All of mine are in my bedroom since the house is technically my grandfather and he would NOT appreciate a tank anywhere else in the house unfortunately!


----------



## MattsBettas (Dec 18, 2012)

All of them (except one) are in my bedroom... Lol. I have an awesome set of shelves and its really the only place I can fit them all. 

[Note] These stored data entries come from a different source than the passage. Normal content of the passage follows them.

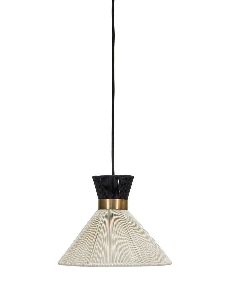 House Doctor Cord Lampa Svart är den perfekta kombinationen av modern design och tidlös elegans. Tillverkad av högkvalitativt järn och mässing, skapar denna lampa ett sofistikerat uttryck i varje rum. Den unika designen med offwhite och svarta polyestertrådar ger ett exklusivt intryck och kompletteras av en svart tygkabel på hela 3 meter, vilket ger flexibilitet i upphängningen. Med plats för en max 7 W LED-lampa ger den ett mjukt och inbjudande ljus, perfekt för både vardagsrum och matsal. Förhöj din inredning med denna stilrena och funktionella pendellampa.
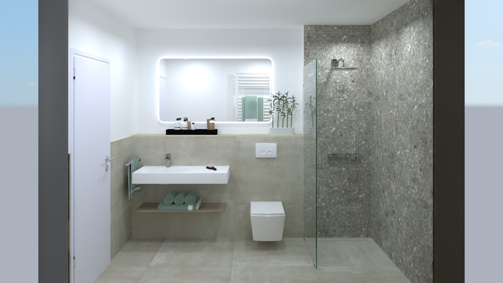 - Modernes Bad: Das Badezimmer vereint Funktionalität und Luxus mit hochwertiger Sanitärkeramik. Es verfügt über eine ebenerdige Dusche, Waschtischunterschrank, beleuchtetem Spiegel, Handtuchheizkörper und Badradio.
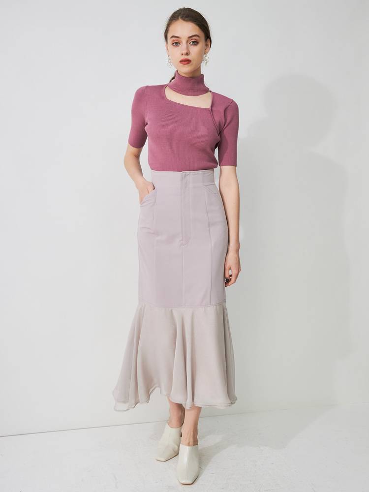 アシンメトリーのカッティングがトレンドライクなデザインのニット。
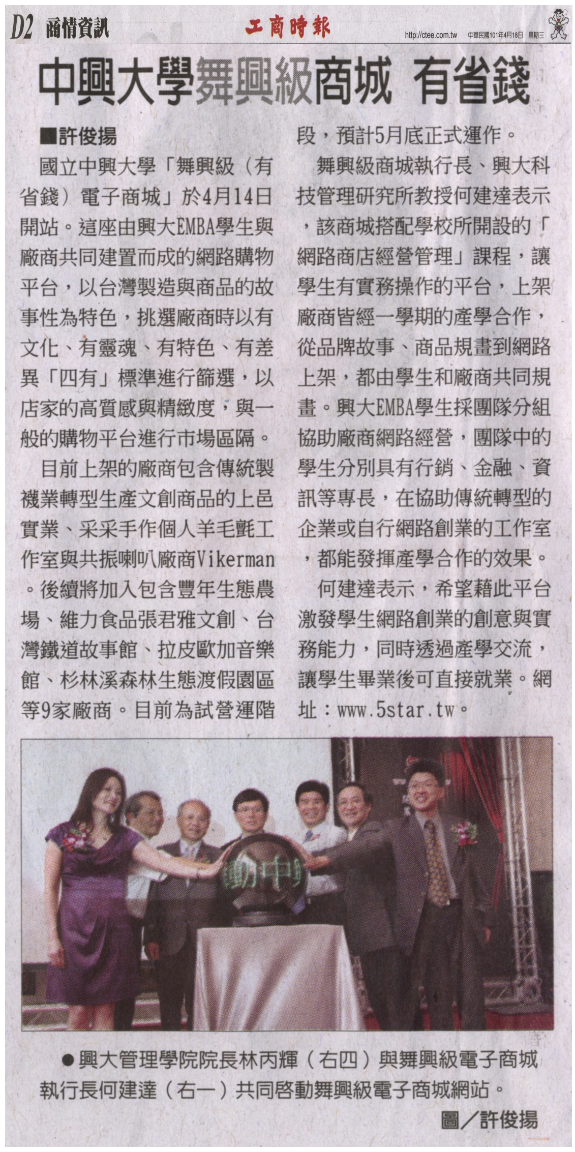 國立中興大學「舞興級(有省錢)電子商城」於4月14日開站。這座由興大EMBA學生與廠商共同建置而成的網路購物平台,以台灣製造與商品的故事性為特色,挑選廠商時以有文化、有靈魂、有特色、有差異「四有」標準進行篩選,以店家的高質感與精緻度,與一般的購物平台進行市場區隔。
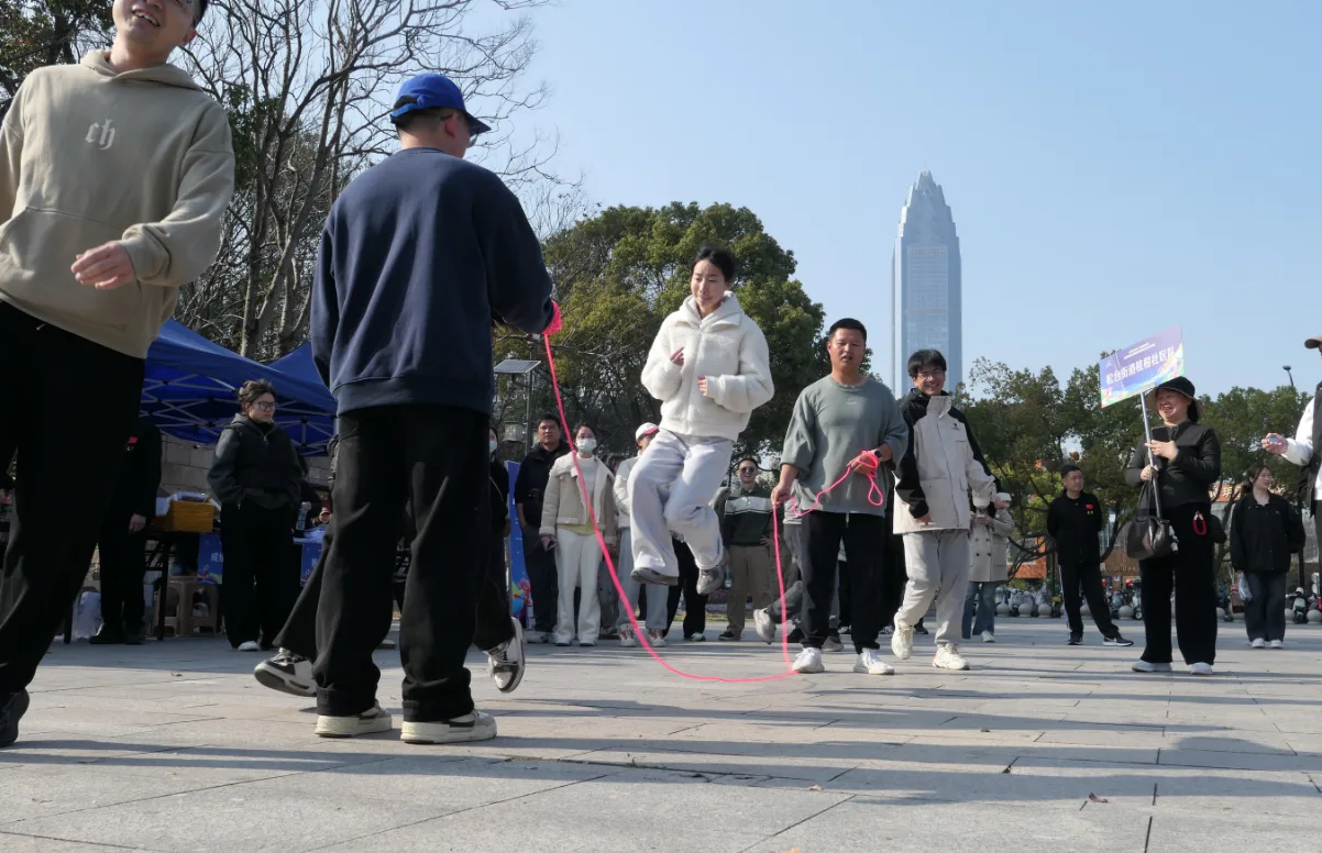 八字跳绳项目则考验团队的配合节奏与协作默契。摇绳队员挥动长绳,绳索在空中划出整齐圆弧,跳绳选手找准时机依次鱼贯而入,步伐紧凑、衔接流畅。短短数分钟的比拼,不仅展现了团队配合能力,更在一来一往间拉近了邻里距离。
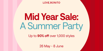 The Mid Year Sale will happen from 26 May, Monday, 12pm GMT+8 to 8 June, Sunday, 11.59pm GMT+8 both online and in stores. Love, Bonito also ships to 20 countries worldwide (free shipping threshold applies). For more information, follow us on @lovebonito.
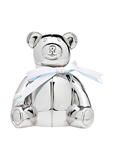 Godingerシルバーアート赤ちゃん新生児Teddy Bear Money Savings Coin Piggy Bank withブルーandホワイトLaces
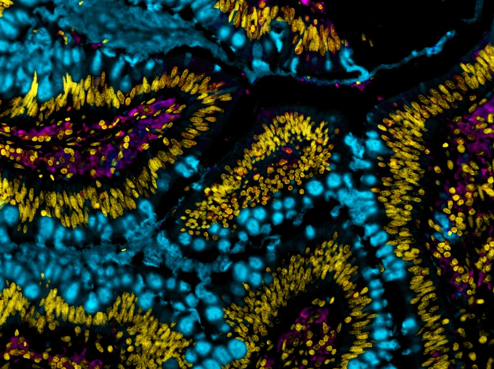 This image shows tissue from the small intestine of a mouse. The blue spots are goblet cells (1). The purple spots are immune cells like macrophages, which fight invading pathogens (2). The yellow dots represent the nuclei of the cells in the surrounding tissue (3).
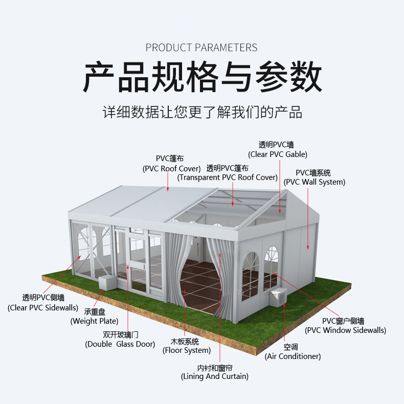 我们的篷房,根据客户的不同需求可选的配置有玻璃门,玻璃墙体、彩钢板、ABS白色硬体墙、卷帘门、围布(拉链,绑绳)……篷布颜色也是多样可选的:透明、白色、黑色、绿色……等等。
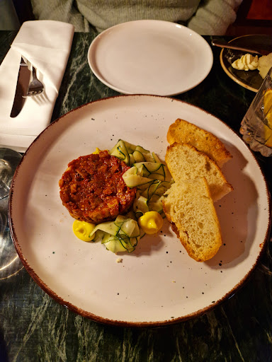 Absolute Katastrophe. Wir hatten nasse Servietten am Tisch, wir wurden nach dem Aperitiv kein einziges Mal nach weiteren Getränkewünschen gefragt, es wurde nicht abserviert, zur Hauptspeise hatten wir kein Besteck am Tisch, ist auch niemandem vom Personal aufgefallen bis wir gefragt haben, außerdem hat eine Hauptspeise gefehlt, dafür wurde sich zu keinem Zeitpunkt entschuldigt. Als wir es endlich geschafft haben jemanden nach Getränken zu fragen, wollte die Person nach einer Bestellung (bei 5 Personen am Tisch) schon wieder abtauchen. Die bestellten Getränke sind dann, abgesehen von einem, das obendrein noch das falsche war, sowieso nie angekommen. Das Essen war komplett überkocht und mit Knoblauch zu Tode gewürzt. Preise sind nicht gerechtfertigt.
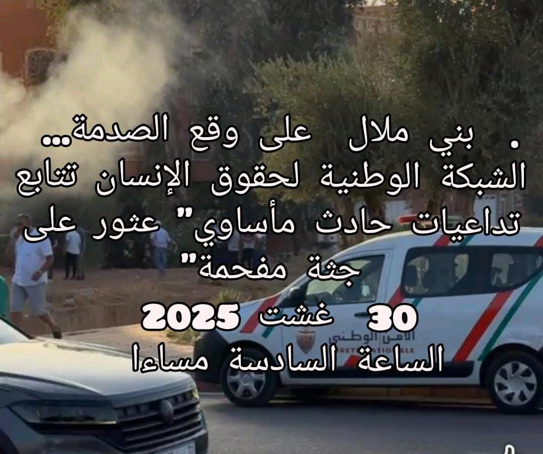 . بني ملال على وقع الصدمة… الشبكة الوطنية لحقوق الإنسان تتابع تداعيات حادث مأساوي” عثور على جثة مفحمة”
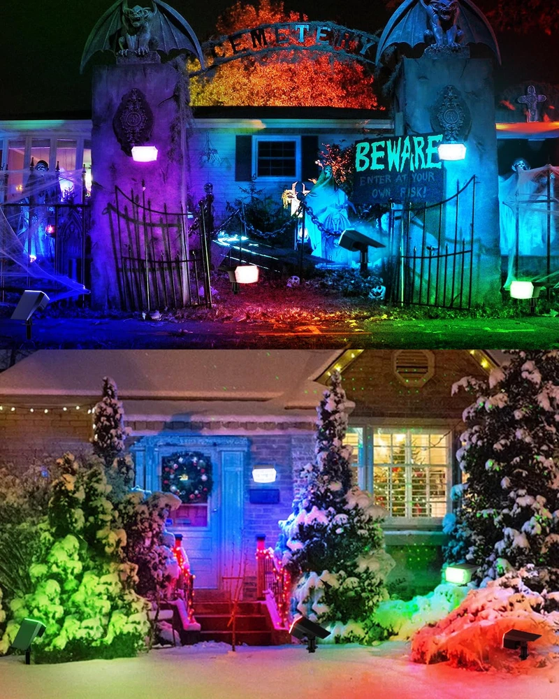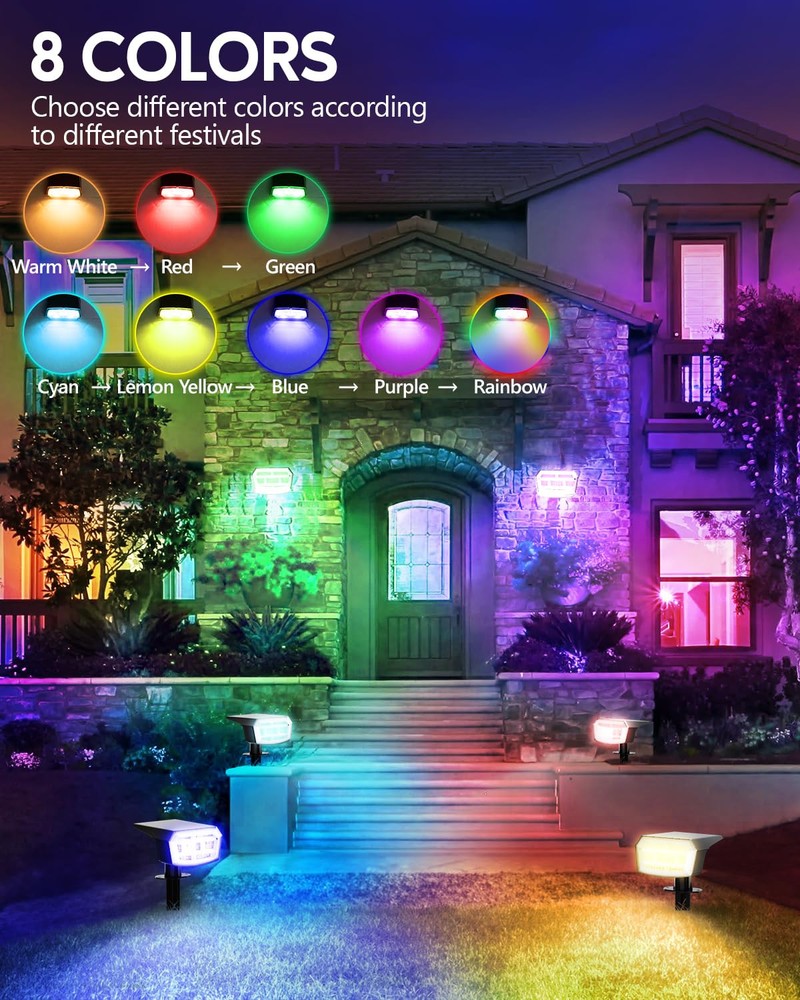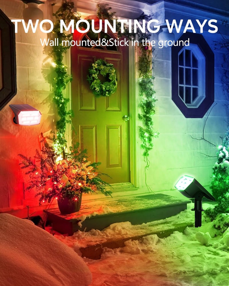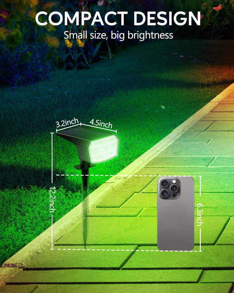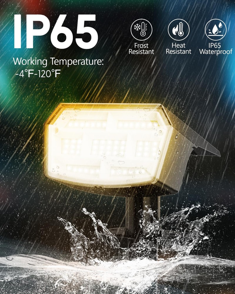 WARM TIP: CHARGE SPOTLIGHTS FOR 1-2 DAYS BEFORE FIRST USING, THEY WILL BE BRIGHTER. SOLAR SPOT LIGHTS OUTDOOR - Solar spot lights outdoor charge during the day, automatically illuminating your yard at night. With an impressive 30% conversion rate of sunlight to energy, just 8-12 hours of charging allows for 10-15 hours of brilliant light. Plus, the adjustable solar panel angle ensures maximum sunlight absorption, making these lights perfect for any garden or patio. Illuminate your evenings sustainably! COLOR CHANGING - The christmas lights outdoor have nine color modes—Warm White→Red→ Green→Blue→Lemon Yellow→Purple→Cyan→Multi Color. These color changing solar lights for outside let you easily switch to the perfect hue for any occasion. Decorate your house and yard for holidays and create a festive atmosphere effortlessly. EASY 3-MINUTE INSTALLATION - Solar uplights outdoor offer two installation options: stake it into the ground or mount it on a wall. Installing tree lights outdoor is a breeze! With just one person, you can have landscaping lights set up in a matter of minutes. Perfect for illuminating your yard, garden, landscapes, trees, and flags, this light adapts to any outdoor setting effortlessly. IP65 WATERPROOF&DUSTPROOF - Designed for all weather conditions, led landscape spotlights can be confidently used in rain, snow, and high temperatures. Crafted from durable ABS material, solar uplights outdoor ensure long-lasting performance, providing reliable illumination no matter the weather. 59 LED BEADS - Solar powered outdoor lights feature 59 high-quality, high-brightness LEDs, ensuring exceptional illumination.Garden lights are certified with CE, RoHS, and FCC, guaranteeing safety and compliance with international standards. Illuminate your house backyard with confidence!

The other one's down stairs in the living room in a "display" tank.


----------



## DragonFish (Mar 31, 2009)

All of my pets, including the dog, live primarily in my bedroom. In the house we live in now, I got lucky and ended up with a very spacious room; the biggest one in the house. Lots of room for fish tanks was all I could think. ;-)
Currently none of my fish are in a move-able size tanks though, so no one goes anywhere with me, but I spent about 90% of my time in my bedroom while I'm home anyway so they almost always have some company. I've even positioned the shelves and tank stands so that I can see everyone from my computer desk! xD


----------



## jesssan2442 (Feb 19, 2013)

I have four tanks and all of them are on the desk in my bedroom, I'm homeschooled so I spend my day doing school with all of them! In less than a month I'll be spending 8 hours a day with them! I also share my bedroom with the family cat, He sleeps in my bed and lays in the sun in my room all day!


----------



## Polkadot (Feb 10, 2013)

My 3 little ones are in our games/computer room,it's a very nice big room where we are most of the time so they have lots of visitors and people & pets to watch.


----------



## Bettacrab (Jun 30, 2013)

Bedroom


----------



## lalala145 (Jun 18, 2013)

I keep him in the bedroom, he seems to like it there.


----------



## kjnewcome (Jul 25, 2013)

Mine are all over the house. My daughter's bedroom, my bedroom, family room, kitchen and my sewing room.


----------



## shellieca (Jul 12, 2012)

Well, I have 1 in the kitchen, 3 in the den, 1 in the living room & 2 tanks in the dining room . . . oh I also have one on my desk at work.


----------



## Emparios (Jun 20, 2013)

My two are both in my bedroom, and only one lives in a tank that's small enough to move. My mom doesn't really appreciate me having two fish at all, let alone if I took one out to the kitchen :/


----------



## Alu (Jun 25, 2013)

jesssan2442 said:


> I have four tanks and all of them are on the desk in my bedroom, I'm homeschooled so I spend my day doing school with all of them! In less than a month I'll be spending 8 hours a day with them! I also share my bedroom with the family cat, He sleeps in my bed and lays in the sun in my room all day!


I was homeschooled too!

Mine lives in my bedroom too, since I still live at home and there is nowhere else to put him. I have two tanks on my dresser, could probably squeeze another on there. :-D


----------



## LoveLee (Jul 18, 2013)

I keep my two boys in the kitchen where I spend most of my time. My bedroom might be too cold for them since I have the a/c blasting.


----------



## Happyhobbit (May 6, 2013)

All of mine are in my bedroom. One is on my desk, and one is on my bookshelf.


----------



## Graceful (Apr 30, 2013)

My aquarium is in the dining room, against the wall on a stand. It gets a lot of attention from me and my family, as well as guests (kids especially love it).


----------